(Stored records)
■ ■ ■ ■

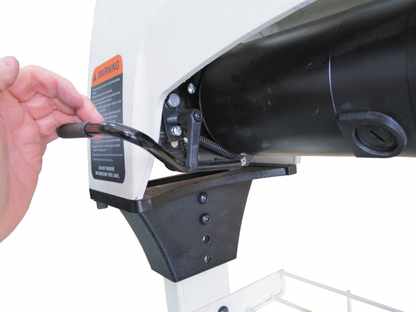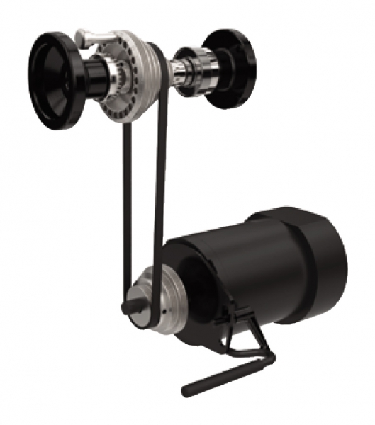 Станок оборудован асинхронным мотором, который работает с постоянной частотой вращения (1400 об/мин). Для выбора скорости шпинделя меняют положение поликлинового ремня (предусмотрено шесть пар шкивов). Эта операция занимает минимум времени и производится без использования вспомогательных инструментов.
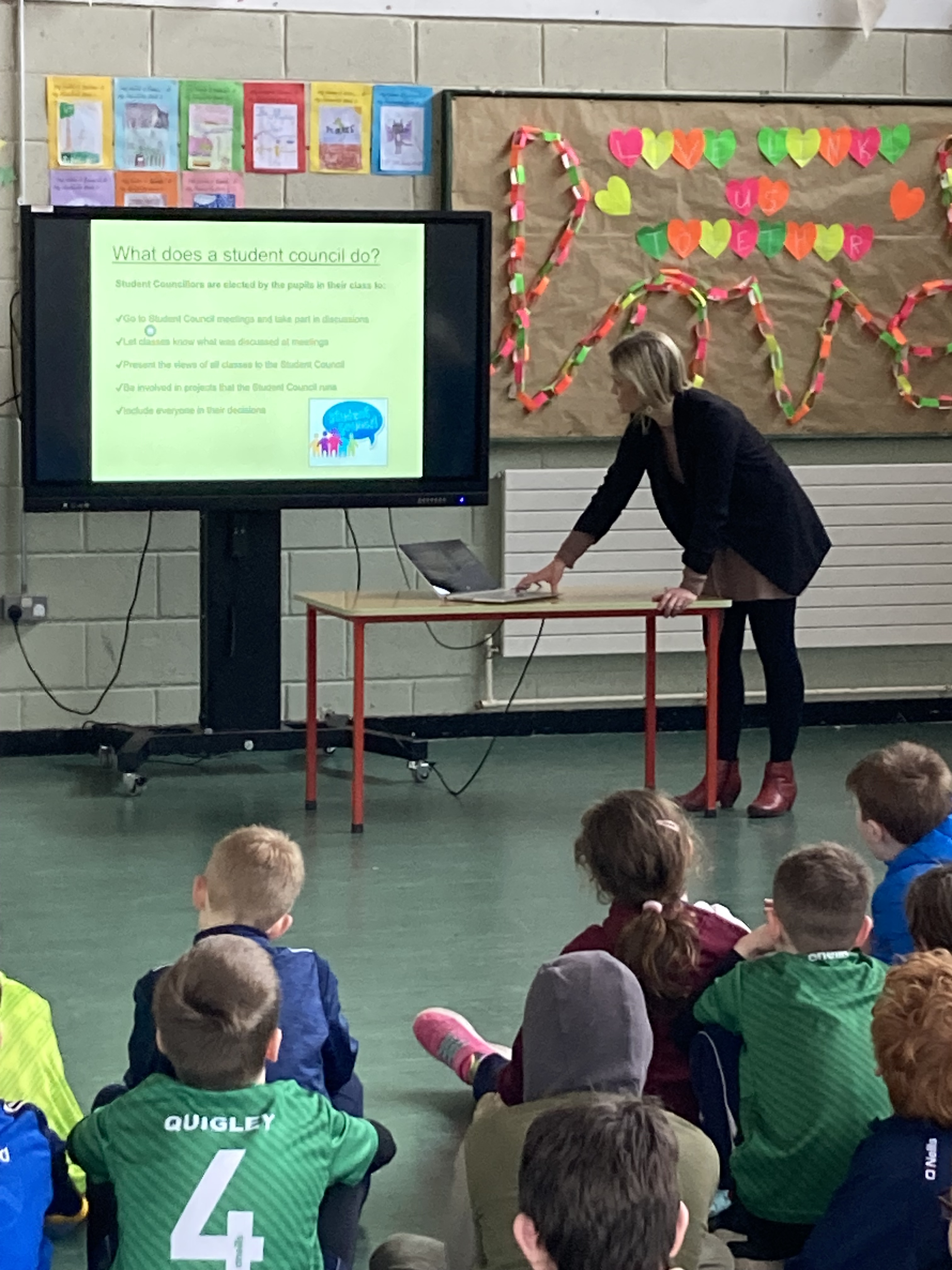 Post Covid, we are delighted to announce the return of our Student Council! The children were so excited last Friday, 24th February when a special assembly was held for 3rd to 6th classes, to reintroduce our Student Council. Ms. Walsh talked to the children about the qualities needed to make a good student councillor and the important role that a Student Council can play. She also explained to them how the election process will work.
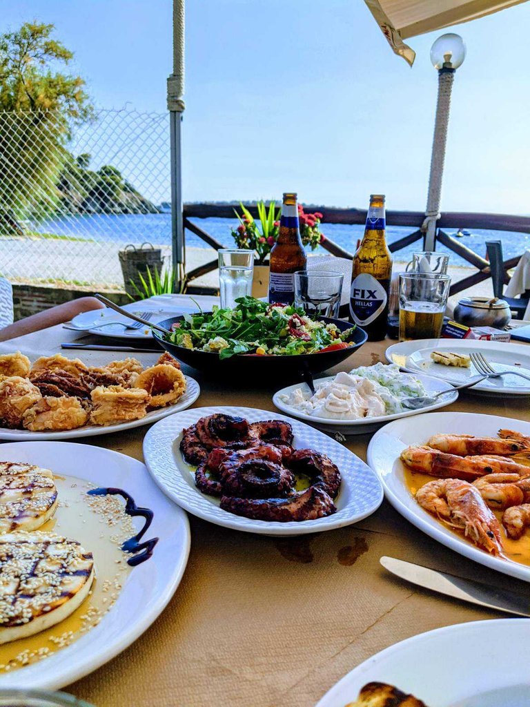 γαρίδες,χταποδακι,καλαμαρακια κλπ ,δίπλα στη θάλασσα
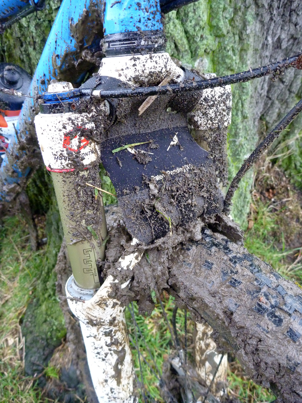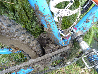 Geläuf, bringt aber nicht vorwärts. ZurWahl stehen zwei tiefe braunglitschige Spuren, rechts und links des Weges, in der Mitte ist eine Grasnabe zu ahnen, die aber genauso tief ist, wie die Spur rechts oder links, nur die Räder sind besser zu erkennen. Die Mocke zieht sich klebstoffgleich am Rad nach oben und wird an Rahmen und Gabel abgestreift, sammelt sich an allen Ablagen, die ein |
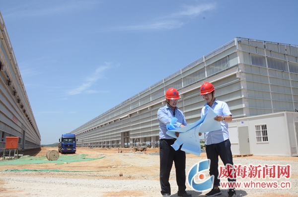 一進(jìn)現(xiàn)場,立刻被眼前矗立的兩個(gè)長300多米、高近20米的鋼結(jié)構(gòu)大廠房所震撼,“這兩個(gè)車間面積5萬多平方米,目前主體已完成,正在硬化地面,明天開始上外墻板。”威海奧東金屬結(jié)構(gòu)制造有限公司主要負(fù)責(zé)人王亮指著廠房興奮地說:“按照這個(gè)速度,總工期能比原計(jì)劃提前3個(gè)月,國慶節(jié)就能投產(chǎn),正好為新中國成立70周年獻(xiàn)禮。”
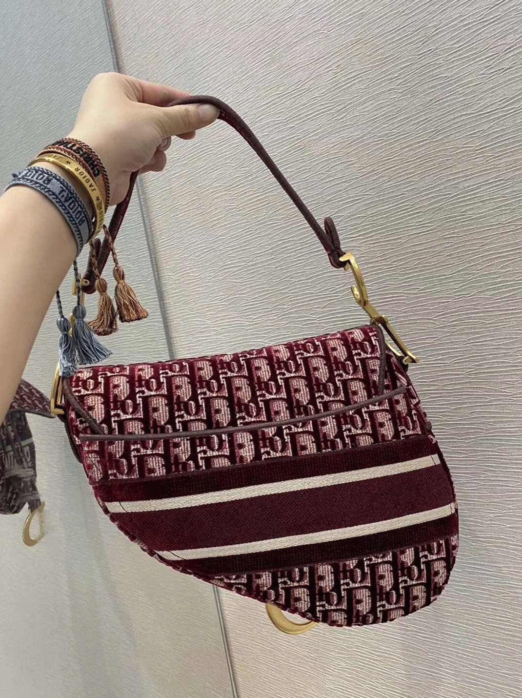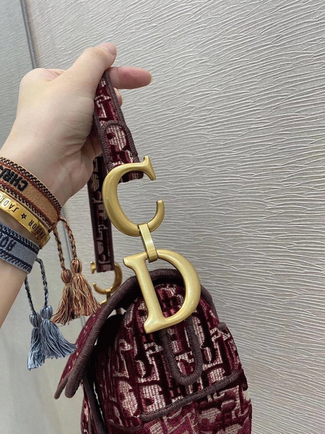 Maria Grazia Chiuri reimagines the iconic Saddle bag with a modern twist, featuring full embroidery in Diors signature Oblique pattern. This timeless silhouette is defined by its classic saddle flap, secured with a magnetic D stirrup closure, and adorned with antique gold-finish ‘CD’ hardware on both sides of the handle. The design allows for versatile wear, either hand-carried or worn over the shoulder, and can be personalized with a variety of shoulder straps.

■ ■ ■ ■

• _WORK INSTRUCTION_
Working from the entries above, please transcribe only the lines from the line with "Post Covid, we" through the line with "γαρίδες,χταποδακι,καλαμαρακια κλπ ,δίπλα", exactly, with both end lines and without pictures.

• _RESPONSE TO THIS TASK_
 Post Covid, we are delighted to announce the return of our Student Council! The children were so excited last Friday, 24th February when a special assembly was held for 3rd to 6th classes, to reintroduce our Student Council. Ms. Walsh talked to the children about the qualities needed to make a good student councillor and the important role that a Student Council can play. She also explained to them how the election process will work.
 γαρίδες,χταποδακι,καλαμαρακια κλπ ,δίπλα στη θάλασσα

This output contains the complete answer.